3. ignitor assembly according to claim 1, is characterized in that, this magnetic shielding cover has relatively high permeability and low conductivity, and substantially surround inductor winding, to stop magnetic flux, is dissipated into outside ignitor assembly.

4. ignitor assembly according to claim 3, is characterized in that, this magnetic shielding cover is a ferrite material, and this ferrite material comprises at least one in MN-ZN, NI-ZN and iron powder.

5. ignitor assembly according to claim 3, is characterized in that, this magnetic shielding cover has low-loss in the frequency range of 500kHz-5MHz, and have one and at least limit the eddy current loss resistance coefficient.

6. ignitor assembly according to claim 1, is characterized in that, this inductor winding is around a center core, but this center core is the magnetic infiltration, and at least equally long with this inductor winding, and this magnetic shielding cover is at least equally long with this center core.

7. ignitor assembly according to claim 6, is characterized in that, this magnetic shielding cover extends beyond end one distance of center core, and this distance at least equals the radius of inductor winding.

8. ignitor assembly according to claim 6, is characterized in that, in magnetic shielding material and/or core material, introduces one or more gaps are arranged.

9. ignitor assembly according to claim 6, is characterized in that, this center core is than long at least one radius of this winding.

10. ignitor assembly according to claim 6, is characterized in that, when this center core is magnetic, magnetic shielding cover surpasses the distance of this winding or a radius of center core.

11. a corona igniter device, it is fixed in a combustion chamber, it is characterized in that, described device comprises:

One shell extended between the top and bottom of this igniter device;

Inductor winding in the one described shell be contained between described top and bottom; And

One magnetic shielding cover arranged around inductor winding, be dissipated into outside this igniter device to stop magnetic flux.

12. igniter device according to claim 11, is characterized in that, this described device further comprise one around described inductor winding with the restriction electromagnetic interference (EMI) emissions the electric screen cover.

13. igniter device according to claim 11, is characterized in that, this magnetic shielding cover has relatively high permeability and low conductivity, and substantially surrounds inductor winding, to stop magnetic flux, is dissipated into outside ignitor assembly.

14. igniter device according to claim 11, is characterized in that, this magnetic shielding cover is ferrite material.

15. igniter device according to claim 11, is characterized in that, this magnetic shielding cover has low-loss in the frequency range of 500kHz-5MHz, and has a resistance coefficient, at least to limit eddy current loss.

16. igniter device according to claim 11, is characterized in that, this inductor winding is around a center core, but this center core is the magnetic infiltration, and at least equally long with this inductor winding, and this magnetic shielding cover is at least equally long with this center core.

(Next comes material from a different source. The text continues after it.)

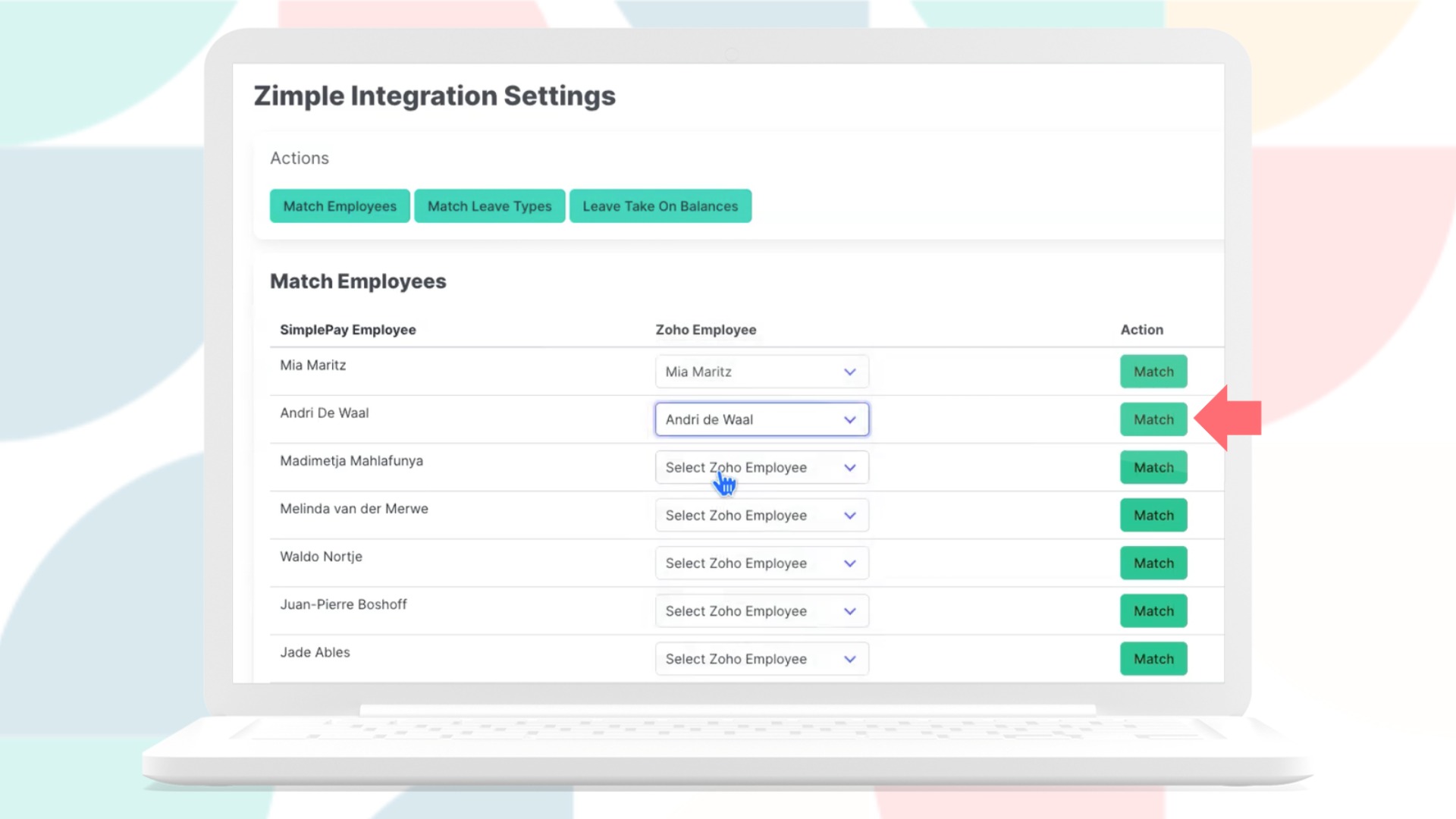 Start with Employees. Match each Simple Pay employee with the corresponding Zoho People employee. Click on "Match" to lock it in. Once all employees have been matched, you can "Submit" the matches at the bottom of the wizard screen.

17. igniter device according to claim 16, is characterized in that, this magnetic shielding cover extends beyond this center core one distance, and this distance at least equals the radius of this inductor winding.

18. igniter device according to claim 16, is characterized in that, in magnetic shielding material and/or core material, introduces one or more gaps are arranged.

19. igniter device according to claim 16, is characterized in that, this center core is than long at least one radius of this winding.

20. igniter device according to claim 16, is characterized in that, when this center core is magnetic, magnetic shielding cover surpasses the distance of this winding or a radius of center core.

21. igniter device according to claim 14, is characterized in that, this ferrite material comprises at least one in MN-ZN, NI-ZN and iron powder.